How to prove $\int_1^\infty 2x\sqrt{x^2-1}K_1(x)dx = K_1^2(1/2)$, where $K_1$ is the modified Bessel function of second kind? Mathematica can do this calculation but I don't understand how…
Integral of modified Bessel function of second kind
bessel functionsdefinite integralsintegration
Best Answer
I'll prove the following generalization, which proves the OP's eq. for $a=1:$
$$ (1) \quad I(a):=2\int_a^\infty x\sqrt{x^2-a^2} \ K_1(x) dx = a^2 \big(K_1(a/2)\big)^2 $$ Use the specialization of a well-known formula $$ \int_0^\infty \frac{dt}{t^2} \exp{(-t-x^2/(4t))} = \frac{4}{x} \ K_1(x) .$$ Put this into (1), justify change of $\int,$ and you'll get $$I(a)=\frac{1}{2}\int_0^\infty \frac{dt}{t^2}e^{-t} \int_a^\infty x^2\sqrt{x^2-a^2} \ \exp{(-x^2/(4t))} \ dx$$ The inner integral can be performed explicitly. Put the answer in and shift $t \to t/2.$
$$ I(a)=\frac{a^2}{2} \int_0^\infty \frac{dt}{t}\ \exp{\Big(-\frac{t}{2} - \frac{(a/2)^2}{t}\Big)} K_1\Big(\frac{(a/2)^2}{t}\Big) $$
Now from Gradshteyn and Rhyzik, 6.653.2
$$(2)\quad \frac{1}{2} \int_0^\infty \frac{dt}{t}\ \exp{\Big(-\frac{t}{2} - \frac{z^2+w^2}{2t}\Big)} K_s\Big(\frac{z \ w}{t}\Big)= K_s(w) \ K_s(w) $$
Set $z=w=a/2$ and $s=1$ in (2) to complete the proof.

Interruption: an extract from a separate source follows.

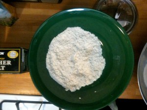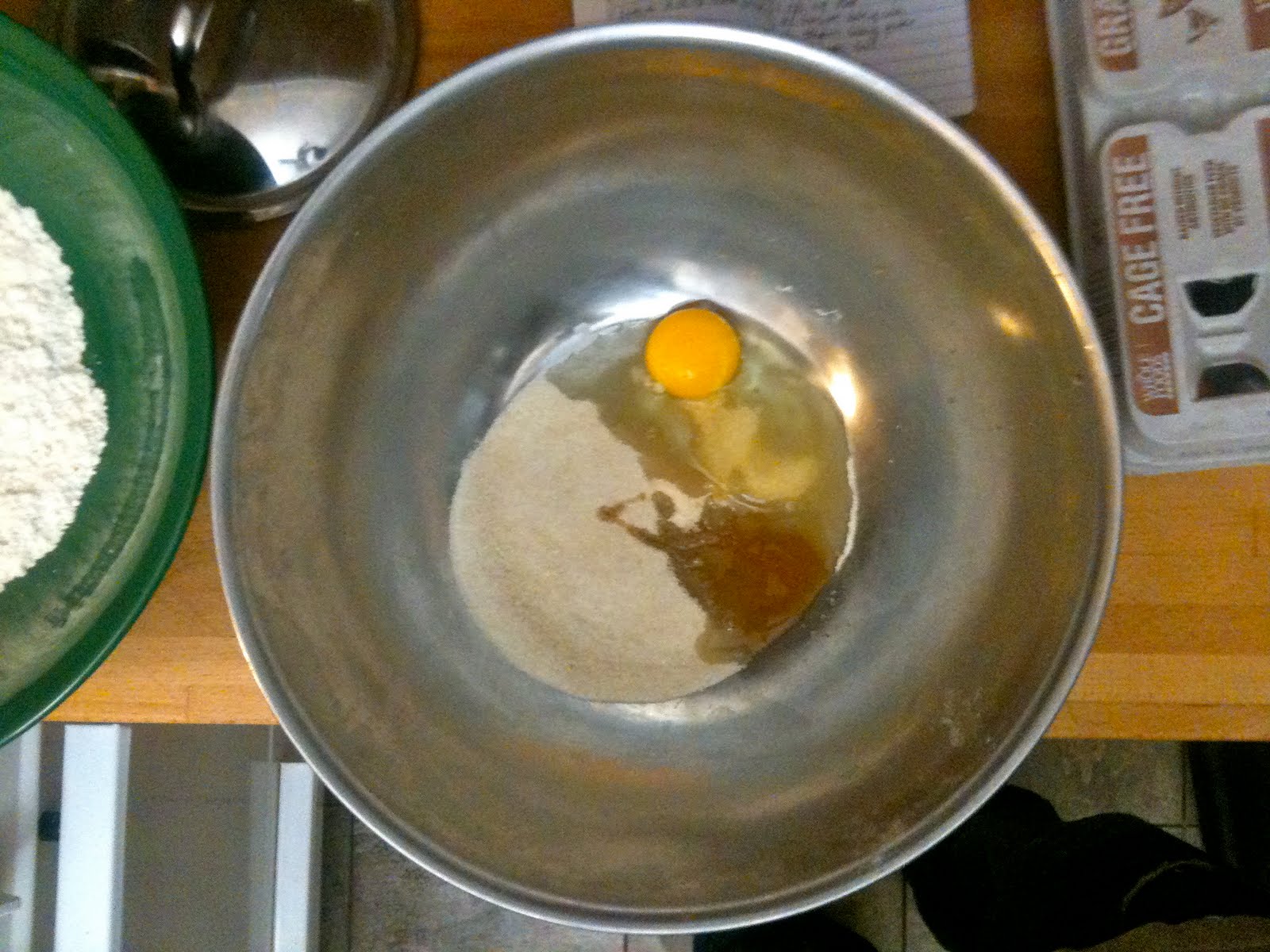 1. In a bowl, mix the eggs, flour, baking powder, sugar, salt, and milk together. Whisk until its bubbly, cover and let it sit for about 15-20 minutes

I don't believe that I've used any formulas that can't be found in Gradshteyn and Rhyzik. That reference book has citations, so in principal this proof doesn't need a Mathematica. My guess is that Mathematica did not do it this way, but saw it as a Meijer G-function, and then used a lookup table to get the final result.